Not answering me means you’re making fun of me and laughing. I’ve told you this over and over. Someone has sure gave you a lot of security. Enjoy yourself a lot. It won’t happen again. You’ve made a joke of me. I love you and you cheat and laugh. I miss you more than I hate you right now. Don’t make me hate you anymore. You have a chance to clear up your wrongs right away. Please do so. Don’t be disloyal to me or by any means betray me. You won’t get an answer. Don’t ask why. It’ll be so funny to me to be insane again. No harm, no fool. I think I’d rather be in a pine box or a slow train back to Georgia or in the gray walls of a prison doing time. I think I’d rather die and face the devil than to live here with you and him together on my mind. Your victory, I promise, is short lived, for my defeat and broken heartedness will overcome with extreme of extremes till death do us part.
Appellant contends that the letters contain prior acts of misconduct and are inadmissible pursuant to TEX.R.EVID. 404(b). Appellant further complains that the trial court did not properly conduct a balancing test to determine if the probative value of the letters was outweighed by their prejudicial effect. TEX.R.EVID. 403; Montgomery v. State, 810 S.W.2d 372 (Tex.Cr.App.1991).

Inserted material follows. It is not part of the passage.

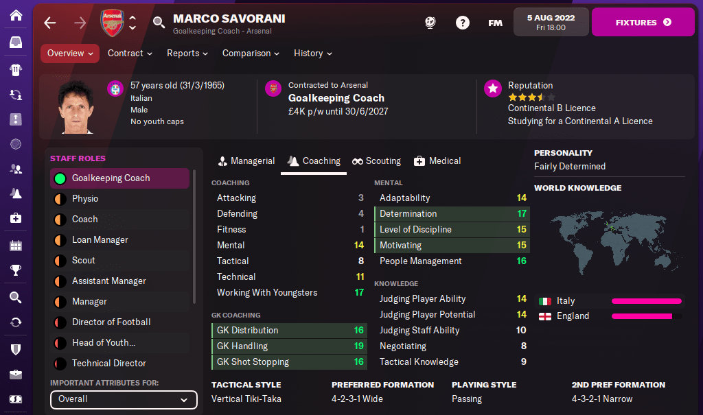 We also have a new goalkeeping coach in the aptly-named Marco Savorani. With those high attributes, we’ll just pretend he never worked for our arch-rivals Tottenham (he was on their staff during Antonio Conte’s brief tenure last season)!

To constitute an extraneous offense, the evidence must show a crime or bad act and must connect the defendant to it. Lockhart v. State, 847 S.W.2d 568, 573 (Tex.Cr.App.1992); Castillo v. State, 59 S.W.3d 357, 361 (Tex.App. - Dallas 2001, pet’n ref’d). The evidence must include some sort of extraneous conduct on behalf of the defendant which forms part of the alleged extraneous offense. Moreno v. State, 858 S.W.2d 453, 463 (Tex.Cr.App), cert. den’d, 510 U.S. 966 (1993); Castillo v. State, supra. Statements concerning a defendant’s thoughts of wrongdoing are merely inchoate thoughts. Moreno v. State, supra. In order to implicate Rule 404(b), there muse be actual conduct involved which alone or in combination with these thoughts could constitute a bad act, wrong, or crime. Massey v. State, 933 S.W.2d 141, 154 (Tex.Cr.App.1996); Moreno v. State, supra; Castillo v. State, supra. Appellant’s letters to the victim pertain to appellant’s thoughts and do not involve any conduct on the part of appellant which implicates Rule 404(b).